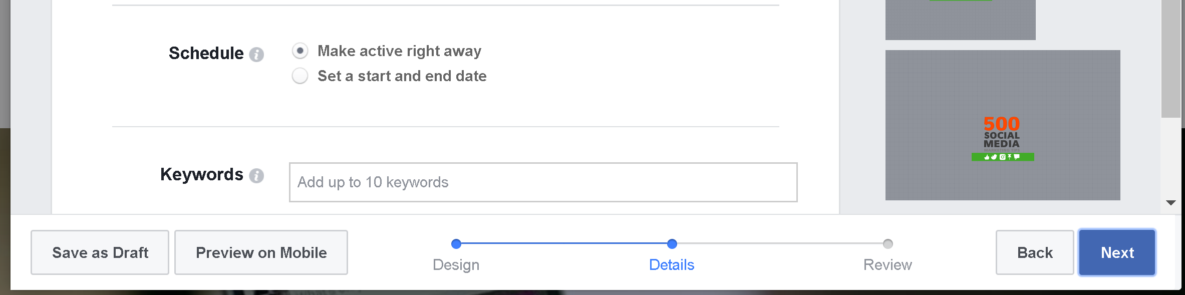 Next, tell Facebook if you want your frame to be available as soon as it is approved, or if you'd rather delay the start date. Last, add up to 10 keywords to help people find your Frame in future:
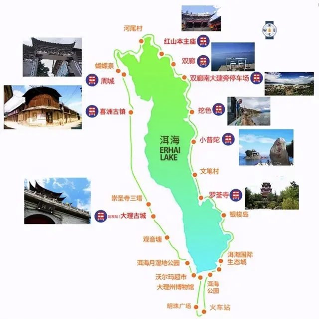 大理的景点基本上都是环洱海的。都在环洱海这一周上面。我们是住在才村码头,所以环洱海是从这边出发。你可以租个电瓶车,自己环,因为这样比较好玩。你可以百度地图,按照线路走就可以了,环洱海路都有提示的,房子或者柱子上都有指示牌,环洱海往哪里走。喜洲古镇,挖色镇等等景点,全部都在环洱海一圈上面。然后崇...显示全部
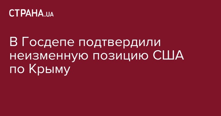 Высокопоставленный представитель Госдепартамента подтвердил позицию США, что Крым - это украинская территория.
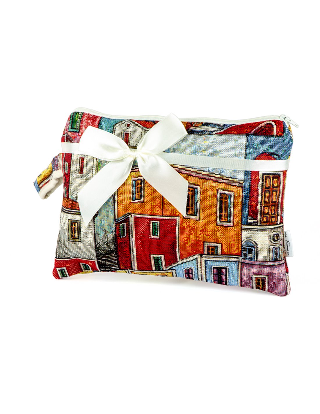 Bomboniera vanity con cerniera e manico. Decorata con casette colorate. Made in Italy.
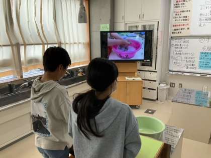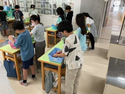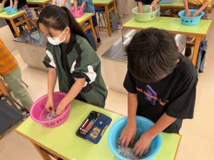 家庭科の時間です。「手洗いで洗濯をしよう」もみ洗い、つまみ洗い、おし洗いに挑戦しています。
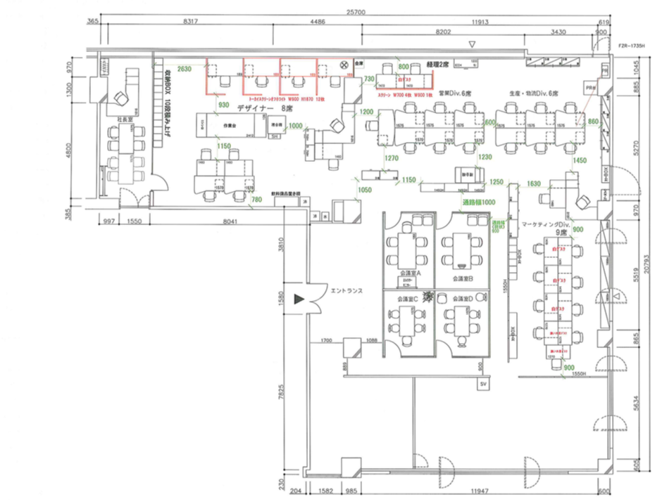 35名程度の執務室に社長室、4つの会議室とショールームがございます。
- - - - -
▸ Task goal
Leave the pictures out and reproduce each record exactly as written.

▸ Task output
 Next, tell Facebook if you want your frame to be available as soon as it is approved, or if you'd rather delay the start date. Last, add up to 10 keywords to help people find your Frame in future:
 大理的景点基本上都是环洱海的。都在环洱海这一周上面。我们是住在才村码头,所以环洱海是从这边出发。你可以租个电瓶车,自己环,因为这样比较好玩。你可以百度地图,按照线路走就可以了,环洱海路都有提示的,房子或者柱子上都有指示牌,环洱海往哪里走。喜洲古镇,挖色镇等等景点,全部都在环洱海一圈上面。然后崇...显示全部
 Высокопоставленный представитель Госдепартамента подтвердил позицию США, что Крым - это украинская территория.
 Bomboniera vanity con cerniera e manico. Decorata con casette colorate. Made in Italy.
 家庭科の時間です。「手洗いで洗濯をしよう」もみ洗い、つまみ洗い、おし洗いに挑戦しています。
 35名程度の執務室に社長室、4つの会議室とショールームがございます。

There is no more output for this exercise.